[Start of section]
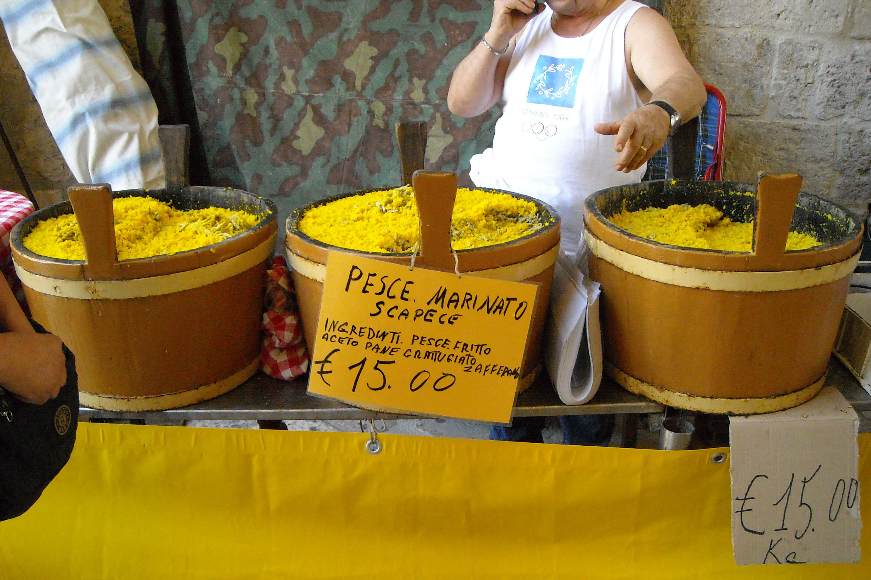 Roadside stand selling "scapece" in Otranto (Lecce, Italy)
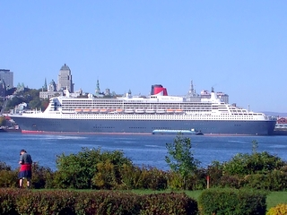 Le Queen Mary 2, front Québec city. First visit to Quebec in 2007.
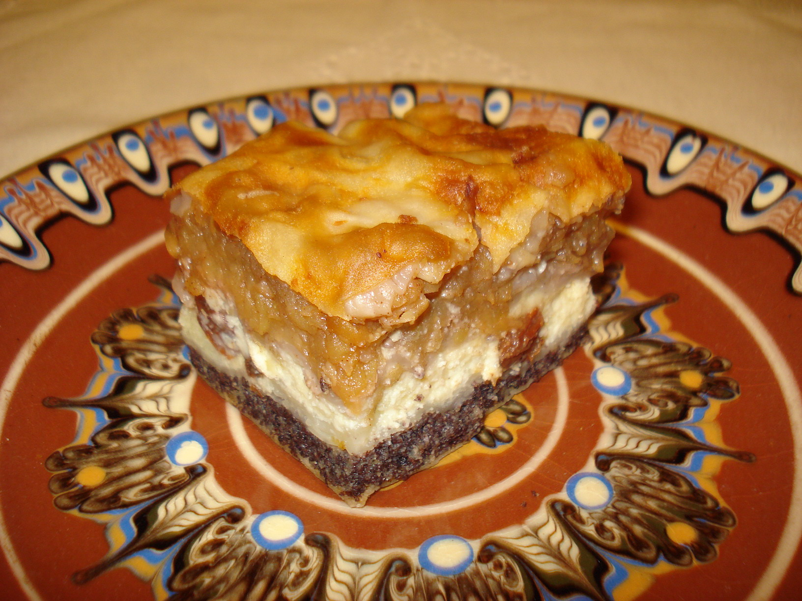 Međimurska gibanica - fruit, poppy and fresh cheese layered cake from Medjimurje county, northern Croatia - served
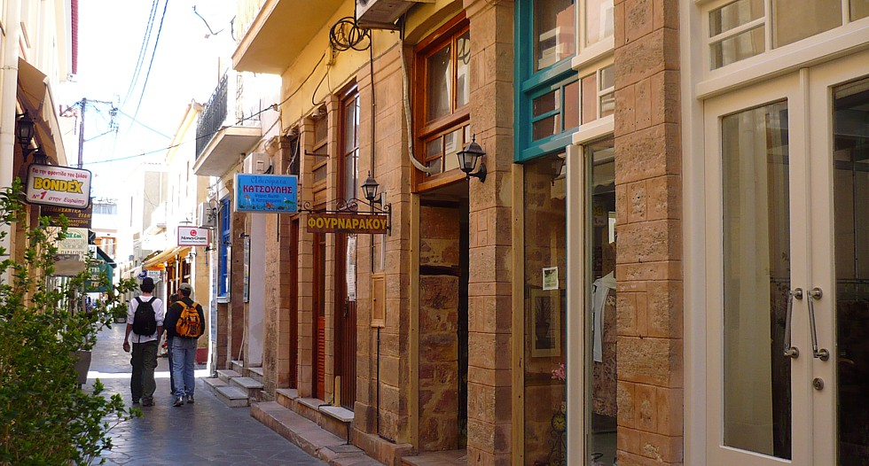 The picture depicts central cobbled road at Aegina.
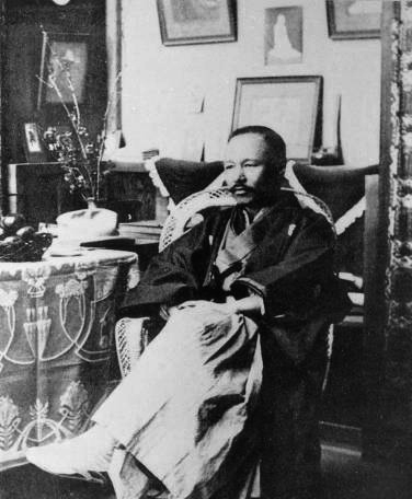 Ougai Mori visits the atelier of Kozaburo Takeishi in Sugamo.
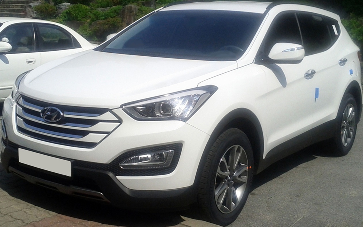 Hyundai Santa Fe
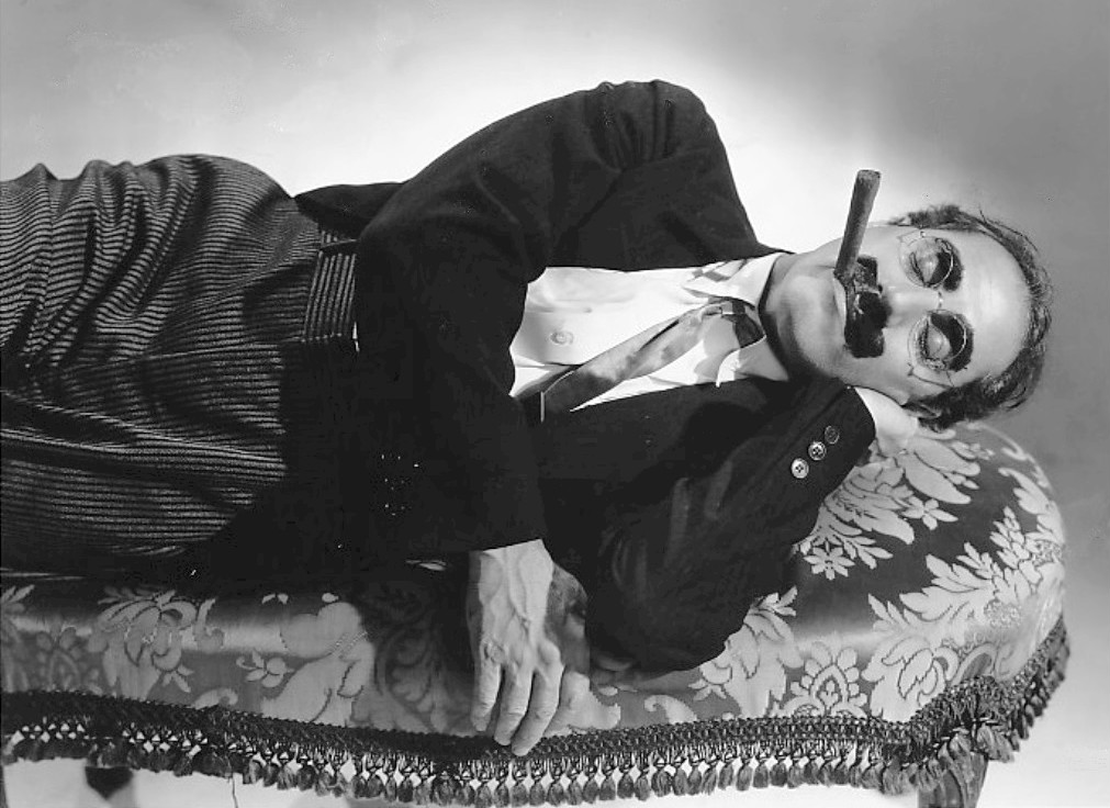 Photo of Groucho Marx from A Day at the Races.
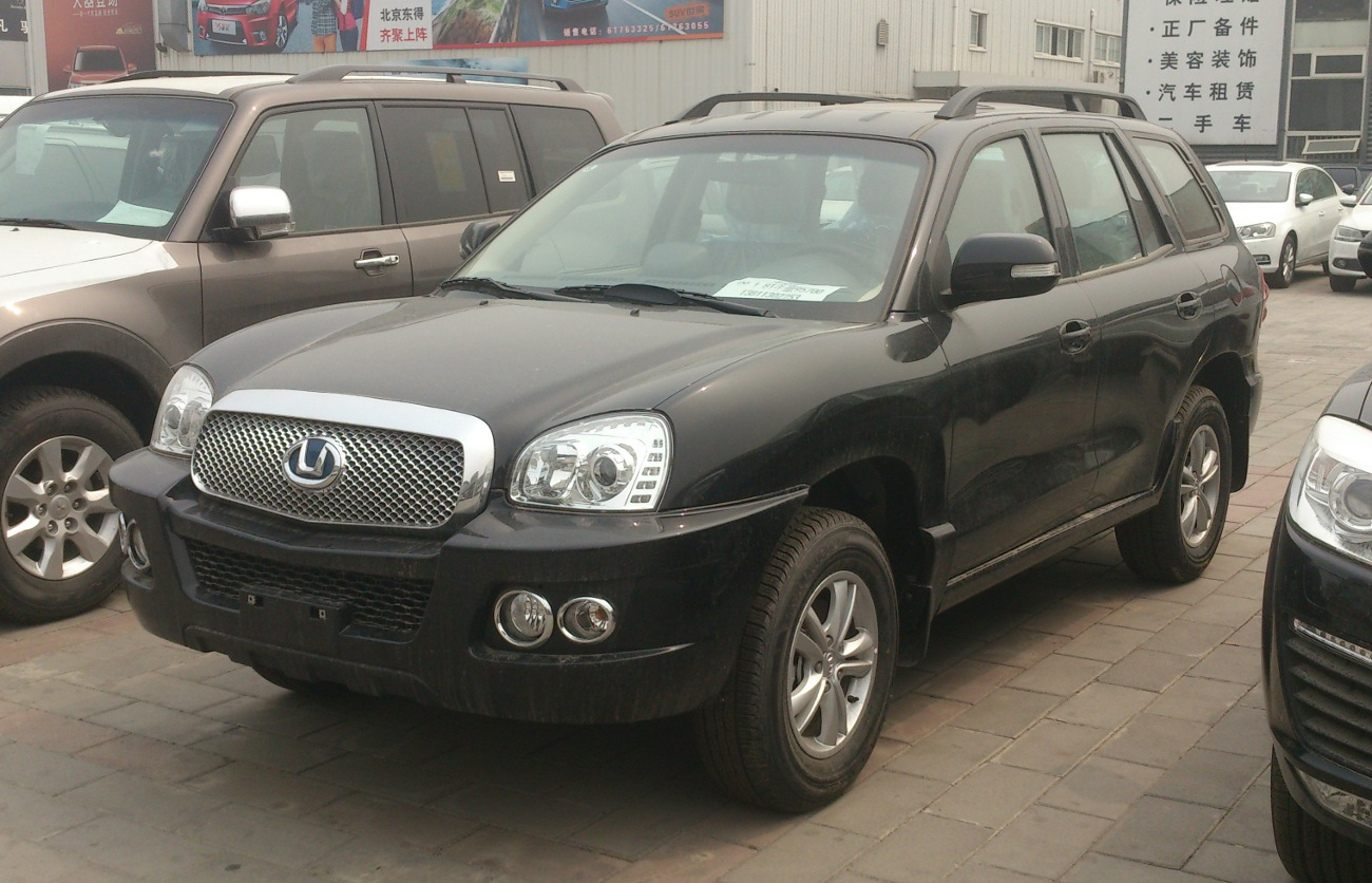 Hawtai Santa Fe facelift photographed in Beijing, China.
[End of section]
Only the lines from the one containing "Photo of Groucho" to the end of the listing belong in the answer, exactly as they stand and with no pictures.

 Photo of Groucho Marx from A Day at the Races.
 Hawtai Santa Fe facelift photographed in Beijing, China.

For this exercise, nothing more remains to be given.